De EU wordt bestuurd door het Europese Parlement (goedkeuring van Europese
regels, toezicht op de Europese Commissie en vaststelling van de begroting), de Raad
van de Europese Unie (politieke besluitvorming in de EU samen met het Europese
Parlement) en de Europese Commissie (voorbereiding en uitvoering van het beleid).
Andere belangrijke Europese instellingen zijn het Europese Hof van Justitie (voor
conflicten rondom de naleving van EU-afspraken) en de Europese rekenkamer (houdt
toezicht op de wettigheid en juistheid van ontvangsten en uitgaven in de EU).
De Raad van de Europese Unie is een uitgavenplafond van 1,24% van het Europese
BBP
overeengekomen. De taken van de EU hebben betrekking op: de natuurlijke
hulpbronnen,
duurzame groei, een mondiale partner, burgerschap, vrijheid, veiligheid en recht
en overige beleidsterreinen. Er is veel discussie over de EU-bijdrage, omdat men wat
terug wil krijgen voor zijn
financiële bijdrage. De EU kan zich in de toekomst richten op verdieping (verder
stappen naar politieke eenwording) of verbreding (toetreding van meer landen tot de
EU).
23.2 Internationale organisaties
De Wereldhandelsorganisatie (WTO) heeft als belangrijkste doel de bevordering van
vrijhandel. Ze passen non-discriminatie toe bij hun handelsregels en hebben ook
wederkerigheid en transparantie als uitgangspunten. Er worden regelmatig
bijeenkomsten georganiseerd om de vermindering van handelsbelemmeringen te
bespreken. Deze worden handelsrondes genoemd. Daarnaast heeft de WTO een
bemiddelende rol in handelsconflicten. Het Internationaal Monetair Fonds (IMF)

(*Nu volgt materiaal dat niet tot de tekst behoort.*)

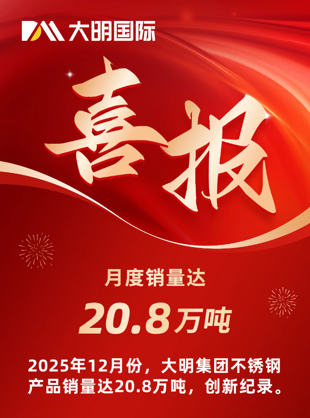 2025年12月份,大明集团实现不锈钢产品销量20.8万吨,创下历史新高的同时,还实现了月度不锈钢销量第4次突破20万吨大关。同时,核心经营数据也表现亮眼:12月份集团品种钢销量同比增长10%,深加工费收入同比增长18%,库存周转天数同比下降2天;全年316L、双相钢、汽车排气系统不锈钢等品种均顺利完成增长指标,经营质效实现持续稳步提升,全年量利齐增已成定局。
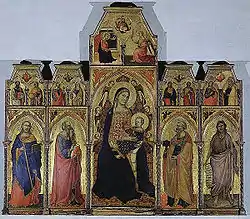 In the presbytery is a polyptych by Taddeo Gaddi (1350–1353) depicting the Virgin with Child with the Saints James, John the Evangelist, Peter and John the Baptist. Over the main figures, inscribed within Gothic-style small arches and twisting columns, are other figures of saints; in the upper frame is an Annunciation within a mullioned window, surmounted by the Eternal Father.

heeft vier taken, namelijk: de bevordering van stabiele wisselkoersen, toerzicht op het
internationale betalingsverkeer, de creatie van nieuwe internationale betaalmiddelen en
kredietverlening aan lidstaten met een tijdelijk balanstekort. Het IMF wordt
steeds minder populair door de strikte voorwaarden. Hierdoor moeten ze een
wijziging in de machtsverdeling overwegen. De Wereldbank verleent kredieten aan
ontwikkelingslanden om de economie te versterken. Een kritiekpunt op de
Wereldbank is dat ze een beleid van ‘Washington consensus’ voeren, waarin alleen het
Amerikaanse model voor markteconomieën wordt bepleit. Er wordt een
vorm van marktfundamentalisme opgelegd. De belangrijkste taak van de G7 (‘group
of 7’), de G8 en de G20 is internationale beleidscoördinatie. De belangrijkste taak van
de OESO (Organisatie voor Economische Samenwerking en Ontwikkeling) is
informatie-uitwisseling. Daarnaast is de OESO een adviesorgaan.